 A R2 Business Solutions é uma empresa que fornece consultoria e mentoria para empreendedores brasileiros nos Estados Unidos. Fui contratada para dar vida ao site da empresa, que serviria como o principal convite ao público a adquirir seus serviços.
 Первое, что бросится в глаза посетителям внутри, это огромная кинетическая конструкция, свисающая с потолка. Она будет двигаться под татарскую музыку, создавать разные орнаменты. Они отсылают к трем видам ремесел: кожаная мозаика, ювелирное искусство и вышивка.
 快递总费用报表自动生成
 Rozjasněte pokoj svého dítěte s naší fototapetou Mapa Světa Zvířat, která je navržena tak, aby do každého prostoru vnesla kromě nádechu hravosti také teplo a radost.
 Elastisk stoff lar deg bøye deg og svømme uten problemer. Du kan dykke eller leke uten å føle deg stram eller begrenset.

━━━

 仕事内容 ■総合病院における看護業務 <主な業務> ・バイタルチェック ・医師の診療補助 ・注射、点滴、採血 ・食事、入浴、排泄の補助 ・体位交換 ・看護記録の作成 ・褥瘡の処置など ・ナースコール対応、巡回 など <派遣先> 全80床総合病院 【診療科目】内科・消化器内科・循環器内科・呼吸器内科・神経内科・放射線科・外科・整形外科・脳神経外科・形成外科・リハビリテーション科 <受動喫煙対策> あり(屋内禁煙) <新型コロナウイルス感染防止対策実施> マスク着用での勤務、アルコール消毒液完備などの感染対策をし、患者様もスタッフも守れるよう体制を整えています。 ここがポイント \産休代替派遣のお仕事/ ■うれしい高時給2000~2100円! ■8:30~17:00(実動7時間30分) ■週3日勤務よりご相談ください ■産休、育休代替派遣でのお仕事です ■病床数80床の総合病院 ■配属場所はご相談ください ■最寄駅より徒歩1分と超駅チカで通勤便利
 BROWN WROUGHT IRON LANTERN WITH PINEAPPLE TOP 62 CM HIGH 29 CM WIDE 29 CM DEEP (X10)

━━━

• Task item
In the listing above, locate the line with "Первое, что бросится" and the line with "快递总费用报表自动生成", then extract exactly those lines and every line between them, and nothing more.

• Task result
 Первое, что бросится в глаза посетителям внутри, это огромная кинетическая конструкция, свисающая с потолка. Она будет двигаться под татарскую музыку, создавать разные орнаменты. Они отсылают к трем видам ремесел: кожаная мозаика, ювелирное искусство и вышивка.
 快递总费用报表自动生成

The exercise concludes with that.